169 F. Supp. 834 | D. Mass. | 1959
These are actions under § 301 of the Labor Management Relations Act of 1947, 29 U.S.C.A. § 185, to recover damages for an allegedly unlawful strike. Defendant union moves for judgment on the pleadings.
The basic facts, which do not seem to be in dispute, are briefly these. Plaintiffs are motor carriers engaged in interstate transportation of goods. They share the same terminal at Springfield, Massachusetts. Both plaintiffs and defendant were parties to a collective bargaining contract in effect from April 11, 1955, to April 11, 1958. On September 6, 1956, Gay’s Express, Inc. discharged one Rainville, one of its drivers and a member of defendant union, for what it contends was adequate cause. Upon employer’s refusal to reinstate Rainville the union called plaintiff’s remaining employees and the employees of plaintiff Holmes out on strike on September tenth. The strike continued until December 10, 1956.
The collective bargaining agreement contained no express no-strike covenant on the part of the union. It did set up in Article XXI a grievance procedure and provided in Article XXI(d) that:
“Any dispute concerning the .application or interpretation of this Agreement that cannot be adjudicated between the Employer and the Union shall be referred to the General Grievance Committee, the decision of the Committee to be final and binding on both parties.”
Plaintiffs’ contention is that the dispute concerning the propriety of Rain-ville’s discharge was a matter that should have been referred to the General Griev-
Defendant’s motion for judgment on the pleadings is based on its contention that the strike cannot be held to violate the contract in the absence of an express no-strike provision in the agreement. Defendant’s position seems to be that the question of Rainville’s discharge was arbitrable, that is, that the union could have submitted it to the grievance procedure, but that it was not bound to do so but was free to strike to enforce its demands. Defendant’s position cannot be sustained in the light of the decisions in W. L. Mead, Inc. v. International Brotherhood of Teamsters, Local Union No. 25, D.C., 126 F.Supp. 466; Id., D.C., 129 F.Supp. 313, affirmed 1 Cir., 230 F.2d 576, and United Construction Workers v. Haislip Baking Co., 4 Cir., 223 F.2d 872, 876-877. Defendant argues that this case differs from the Mead case in that the contract here does not contain any provision that the grievance procedure shall be the “exclusive” method of settling disputes. The language used here is in effect the same, providing that “Any dispute * * * shall be referred to the General Grievance Committee, the decision of the Committee to be final and binding on both parties.” (Emphasis supplied.) Clearly this must mean that any arbitrable dispute is to be settled by the grievance procedure, and that the union impliedly has agreed not to strike to enforce its own settlement of any such dispute. The quoted provision would lose all sense if it meant only what the union contends, that is, that the union may elect to submit a dispute to the grievance procedure and the employer shall be bound by the decision, but that the union is free to ignore the grievance procedure and resort to a strike whenever it so desires.

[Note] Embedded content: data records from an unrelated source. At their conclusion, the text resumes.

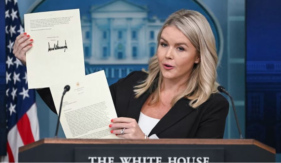 Thư ký báo chí Nhà Trắng Karoline Leavitt cầm một lá thư của Tổng thống Donald Trump gửi cho Tổng thống Hàn Quốc Lee Jae-myung hôm 7-7, thông báo về mức thuế quan đối ứng dự kiến có hiệu lực vào ngày 1-8. Ảnh: Getty Images
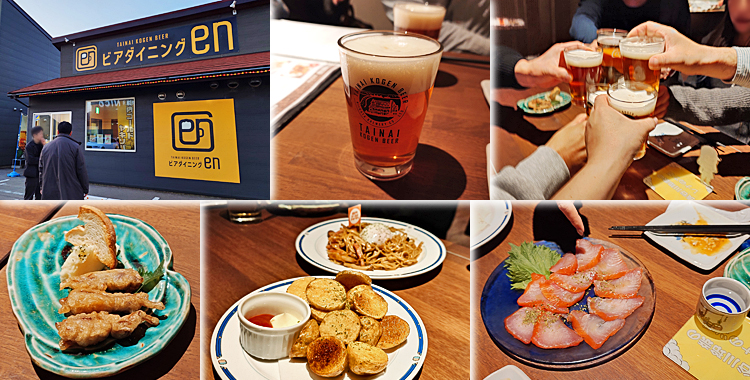 お店は「ビアダイニングen」、遠征四人+地元二人の六人で宴。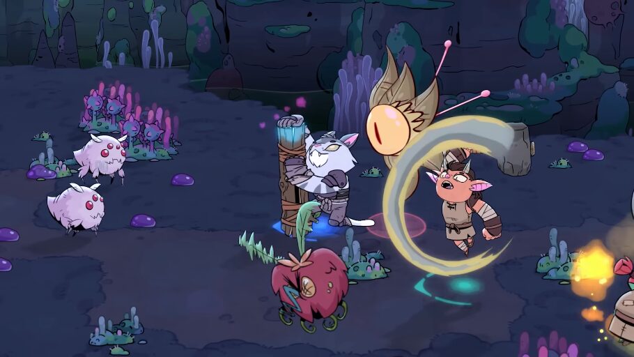 Dans Rotwood, vous aurez donc la joie de fracasser les gencives d’immondes créatures des bois pour les empêcher d’envahir votre petit havre de paix. Vous pourrez équiper des lances, des ballons, et tout un tas d’autres armes qui s’étofferont au fil des mises à jour. Toutes les armes seront dotées de leurs propres combos et les développeurs assurent justement qu’il sera nécessaire de maîtriser son sens du timing plutôt que de masher comme un forcené. Des boss énormes seront bien entendu aussi de la partie et entre chaque run, vous aurez le loisir de sélectionner différentes capacités et pouvoirs afin de mettre sur pied les builds les plus pétés avec vos petits camarades. Parce que oui, ces bois pourris pourront bien être traversés en coopération.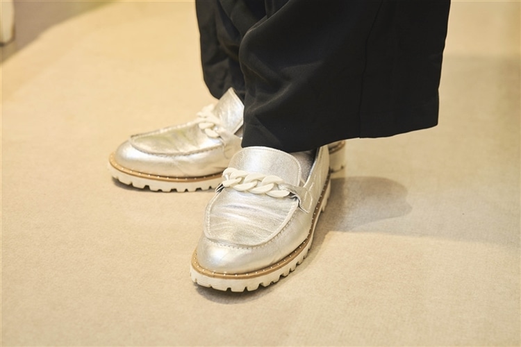 五味「普段はスニーカーで仕事をしていることが多いですが、ローファーのデザインに惹かれ選択。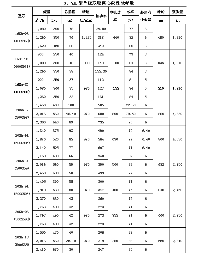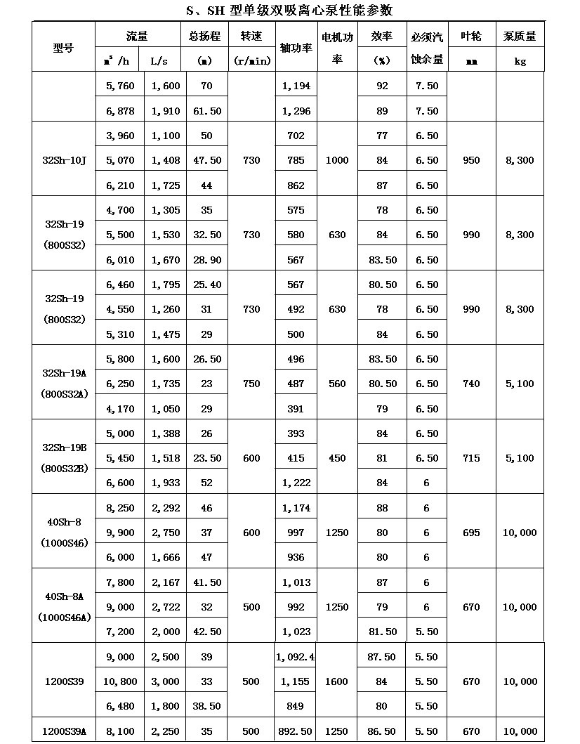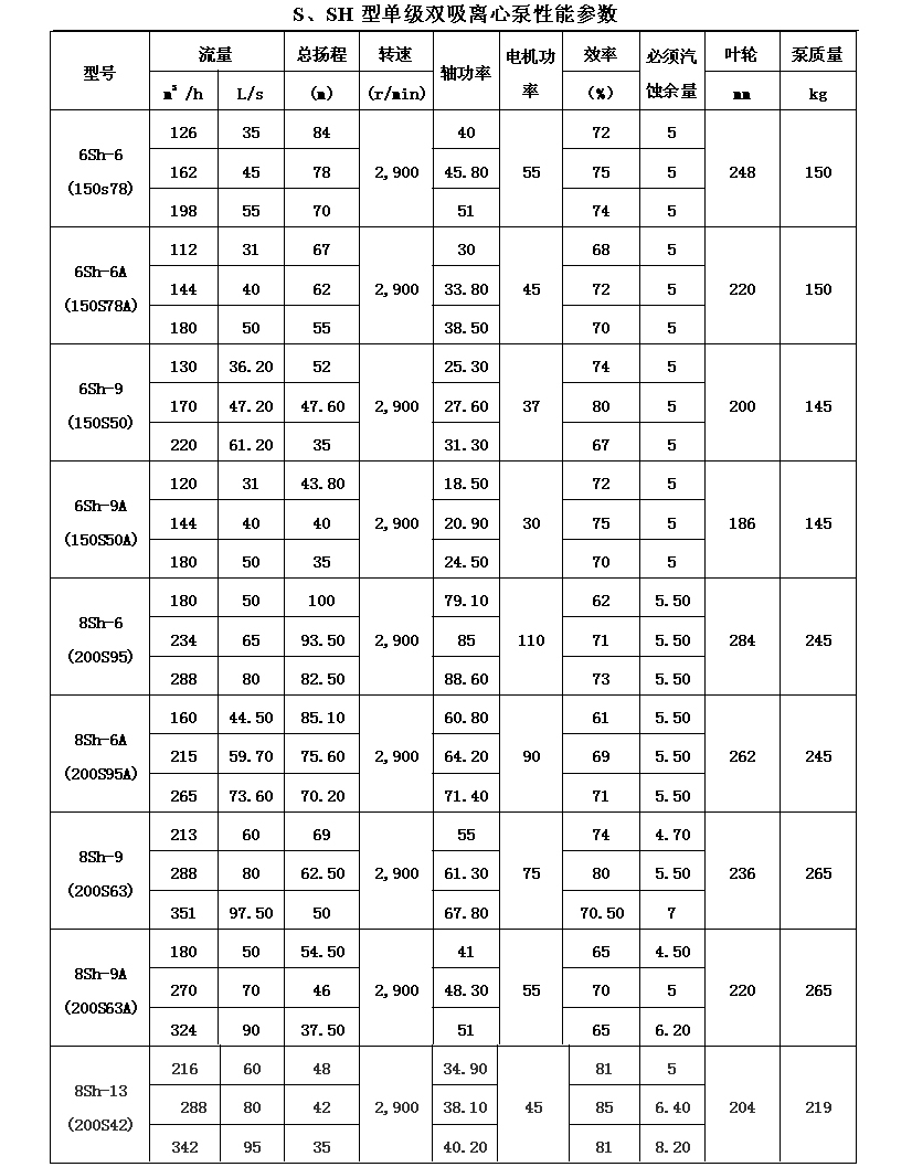 吸離心泵、S,SH型單級(jí)雙吸泵殼中開(kāi)之離心泵,供抽送清水或物理化學(xué)類(lèi)似于水的其它液體之用。被輸送液體溫度不得高于80℃。

Alternatively, although no formal motion for a stay is before the court, defendant argues for a stay of proceedings on the ground that the plaintiffs’ claim that the strike violated the contract is a dispute which under the contract should be settled by resort to the grievance procedure. Defendant having violated its contract by going on strike and refusing to follow the grievance procedure cannot now contend that plaintiff is barred from asserting its right to recover damages by an action in this court and must refer the question of the strike itself to the grievance procedure. Mead case, supra, 129 F.Supp. at page 315. In any event the question of whether or not the union has committed a major breach of contract by failing to utilize the grievance procedure and striking in violation of its implied agreement not to do so, is not the type of dispute which should be understood as falling within the coverage of the grievance procedure where as here, there is no express provision that the propriety of a strike shall be arbitrable. Hoover Motor Express Co. v. Teamsters, Chauffeurs, Helpers and Taxicab Drivers, Local Union No. 327, 6 Cir., 217 F.2d 49, 53; United Electrical, Radio & Machine Workers of America v. Miller Metal Products, Inc., 4 Cir., 215 F.2d 221, 223; Markel Electric Products, Inc. v. United Electrical, Radio & Machine Workers of America, U. E., 2 Cir., 202 F.2d 435, 437, 438.
Defendant’s motion for judgment on the pleadings is denied.